TASK GOAL - All lines from the one that contains "Interno di osteria" through the close of the entries below are to be repeated exactly, without any pictures.

RECORDS TO USE -
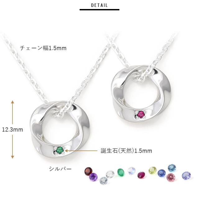 ペアネックレス 2本セット 選べる12誕生石 天然石 ガーネット アメジスト アクアマリン ダイヤモンド エメラルド ムーンストーン ルビー ペリドット サファイア ピンクトルマリン ブルートパーズ タンザナイト シルバー&シルバー ひねり ツイストリング シンプル 大人 おしゃれ ペア ペンダント (jln115sv_sv_pair)
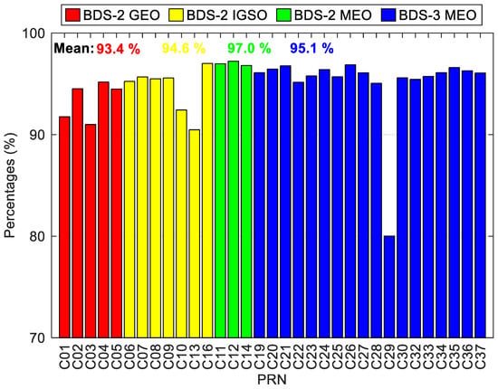 The availability statistic of BDS-3/BDS-2 real-time precise satellite products is shown in Figure 7. The theoretical epoch number is divided by the number of the received epoch-wise real-time corrections to calculate the statistical availability of real-time precise satellite products. There is a satisfied availability for all BDS-3/BDS-2 MEO satellites, which exceeds 95.0%, except for C29, the availability of which is only 80.0%. The availability still exceeds 90.0% for all BDS-2 GEO and IGSO satellites. The average value of availability is computed for each orbit type. The BDS-2 MEO satellites achieve the largest availability of 97.0% on average, followed by the BDS-3 MEO satellites with an average availability of 95.1%. Smaller availability is detected for the BDS-2 GEO and IGSO satellites, which is 93.4% and 94.6% on average, respectively. For comparison, we also calculate the average availability of GPS real-time precise satellite corrections derived from CLK93, and the obtained statistic with a value of 99.3% is found to be larger than the BDS-3/BDS-2 ones.
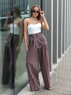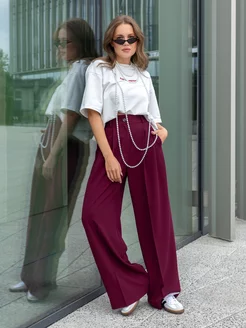 Брюки палаццо классические нарядные для офиса y2k бургунди
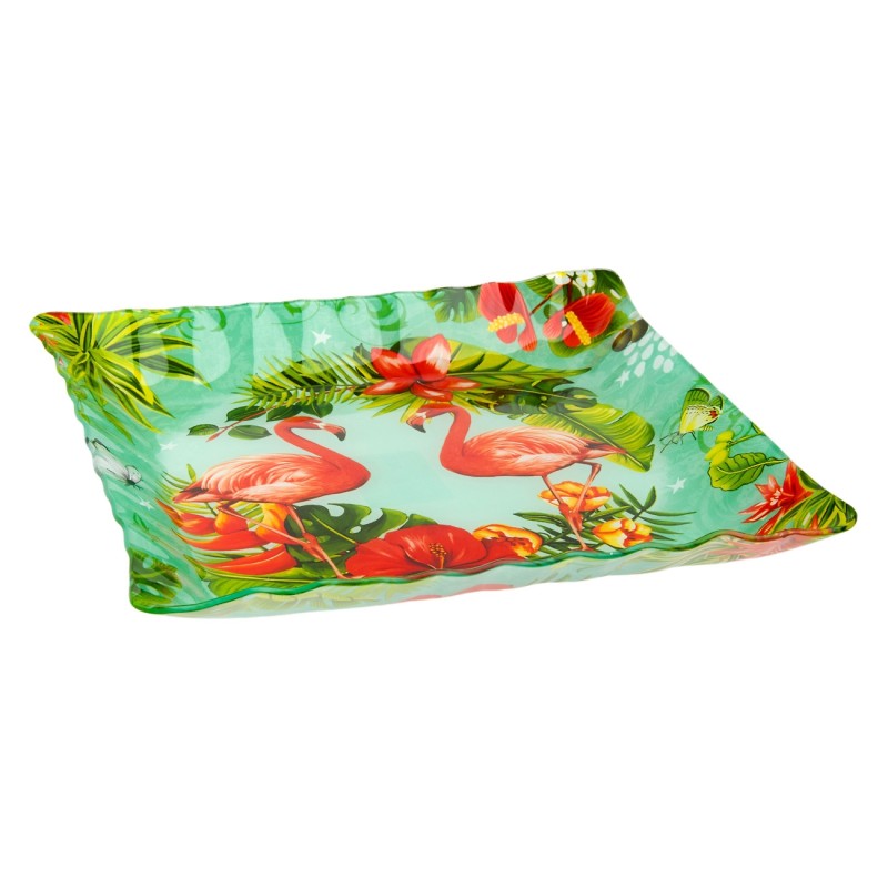 Чиния за хранене и сервиране в квадратна форма, изработена от висококачествено стъкло с красив принт на тропически цветя и розово фламинго.
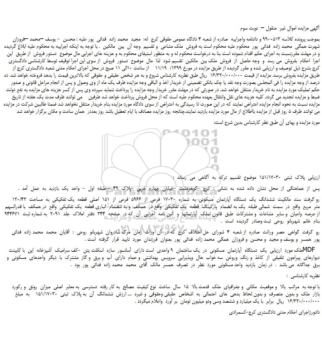 بموجب پرونده کلاسه 9900513 و دادنامه واجراییه  صادره از شعبه 4 دادگاه عمومی حقوقی کرج  له:  مجید  محمد زاده  قدائی  پور علیه : محسن  - یوسف –محمد –فروزان  شهرت همگی  محمد زاده  فدائی  پور  محکوم علیه محکوم است به فروش  ملک مشاعی  و تقسیم  وجه آن  بین  مالکین  . با توجه به اینکه اجراییه به محکوم علیه ابلاغ گردیده و در مهلت مقررنسبت به اجرای حکم اقدام ننموده است بنا به درخواست محکوم له و به منظور استیفای محکوم به و هزینه های اجرایی مال موضوع  دستور فروش  از طریق  این اجرا  احکام  بفروش  می رسد  و  وجه حاصل  از  فروش  ملک بین  مالکین  تقسیم شود  لذا  مال  موضوع  دستور  فروش  از سوی این اجرا توقیف توسط کارشناسی دادگستری کرج بشرح ذیل توصیف و ارزیابی شده و مقرر گردیده از طریق مزایده در مورخ 1399/  11/19    از ساعت 10الی 11 صبح در محل اجرای احکام مدنی شعبه دادگستری کرج از طریق مزایده بفروش برسد. مزایده از قیمت 16/320/000/000  ریال طبق نظریه کارشناس شروع و به هر شخص حقیقی و حقوقی که بالاترین قیمت را بدهد فروخته خواهد شد. ده درصد از وجه مزایده را فی المجلس بصورت وجه نقد یا چک بانکی تضمینی از خریدار اخذ و الباقی وجه مزایده ظرف یک ماه از وی وصول و پس از انجام مراحل قانونی و صدور حکم تملیک مورد مزایده به نام خریدار منتقل خواهد شد. در صورتی که در مهلت مقرر خریدار وجه مزایده را پرداخت ننماید سپرده وی پس از کسر هزینه های مزایده به نفع دولت ضبط و مزایده تجدید می گردد. کلیه هزینه های نقل وانتقال بعهده محکوم علیه است که از محل فروش پرداخت خواهد شد طرفین    می توانند ظرف مدت یک هفته از تاریخ مزایده نسبت به نحوه انجام مزایده اعتراض نمایند که در این صورت تا رسیدگی به اعتراض از سوی دادگاه مورد مزایده بنام خریدار منتقل نخواهد شد ضمنا طالبین شرکت در مزایده می توانند ظرف 5 روز قبل از مزایده بااطلاع از مال مورد مزایده بازدید نمایند.چنانجه روز مزایده مصادف با ایام تعطیل باشد روز بعددر  همان ساعت و مکان برگزار خواهد شد
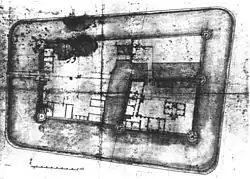 At the northeastern corner of the cathedral a palace (Pfalz) was added for the bishop and visiting royalty, completed around 1044/45. It had become a custom in Carolingian times that bishops expanded their residences in order to host kings or emperors on tour. The palace was 74 metres long, 16 metres wide and had three floors with heights of 6 metres each. It had its own chapel and was linked to the northeastern corner of the cathedral. The dimensions and elaborate architectural design were exceptional for profane buildings in the Salian era.[12] A cloister and a number of buildings for the chapter and church administration were added on the southern side of the cathedral. Altogether, cathedral and additions presented a representative assembly of stately buildings with nothing comparable in the Salian empire.[12]
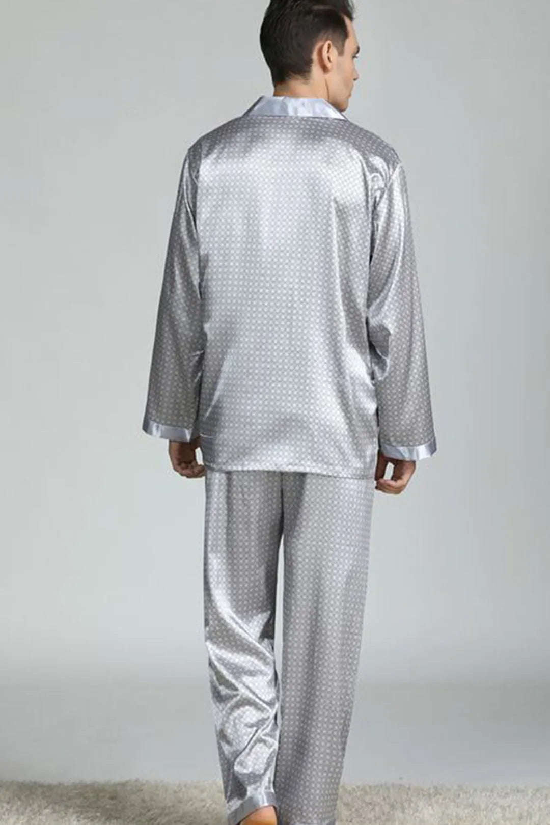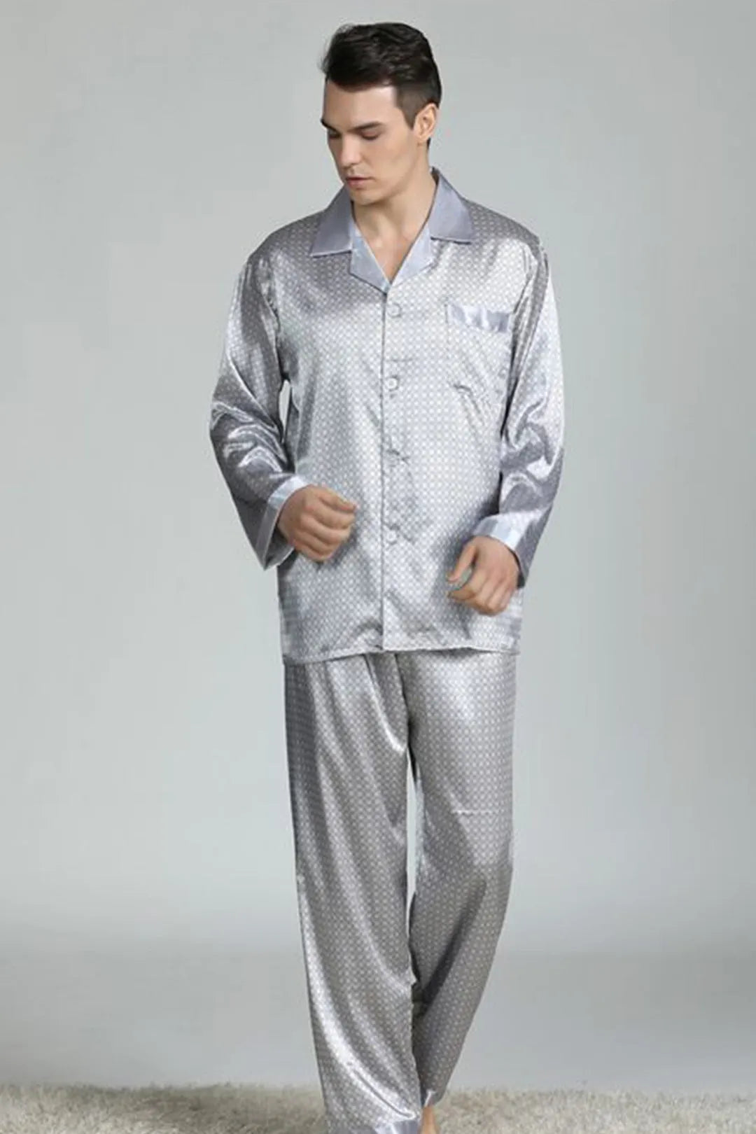 Our Men's Satin Full-Sleeve Pajama Set is nicely tailored with a classic cut. Made of 100% lightweight polyester fabric with a satin weave and silky feel, these men's pajamas feature one front pocket on the chest, a comfortable elastic waistband
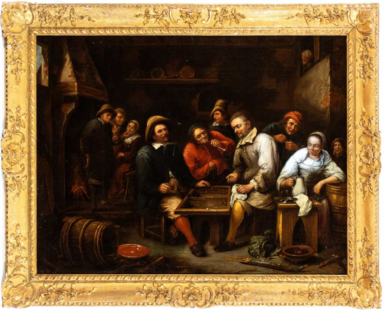 Interno di osteria con giocator di backgammon Olio su tela cm. 57x74. Con cornice
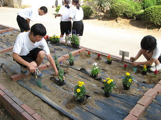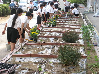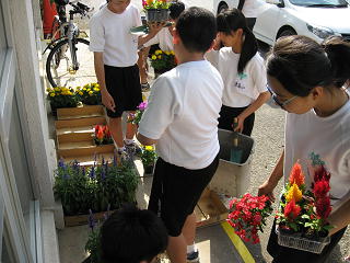 学校が花であふれ一段ときれいになりました。ご協力ありがとうございました。
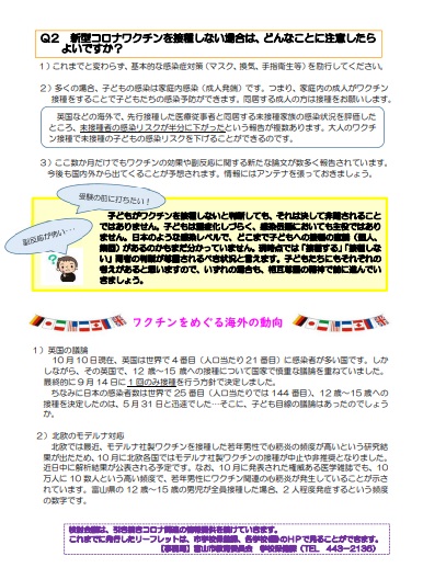 今回のリーフレットには、新型コロナワクチンを接種する場合の注意点や接種しない場合はどんなことに注意したらよいかが書かれています。ご一読ください。

ANSWER FOR THIS EXERCISE -
 Interno di osteria con giocator di backgammon Olio su tela cm. 57x74. Con cornice
 学校が花であふれ一段ときれいになりました。ご協力ありがとうございました。
 今回のリーフレットには、新型コロナワクチンを接種する場合の注意点や接種しない場合はどんなことに注意したらよいかが書かれています。ご一読ください。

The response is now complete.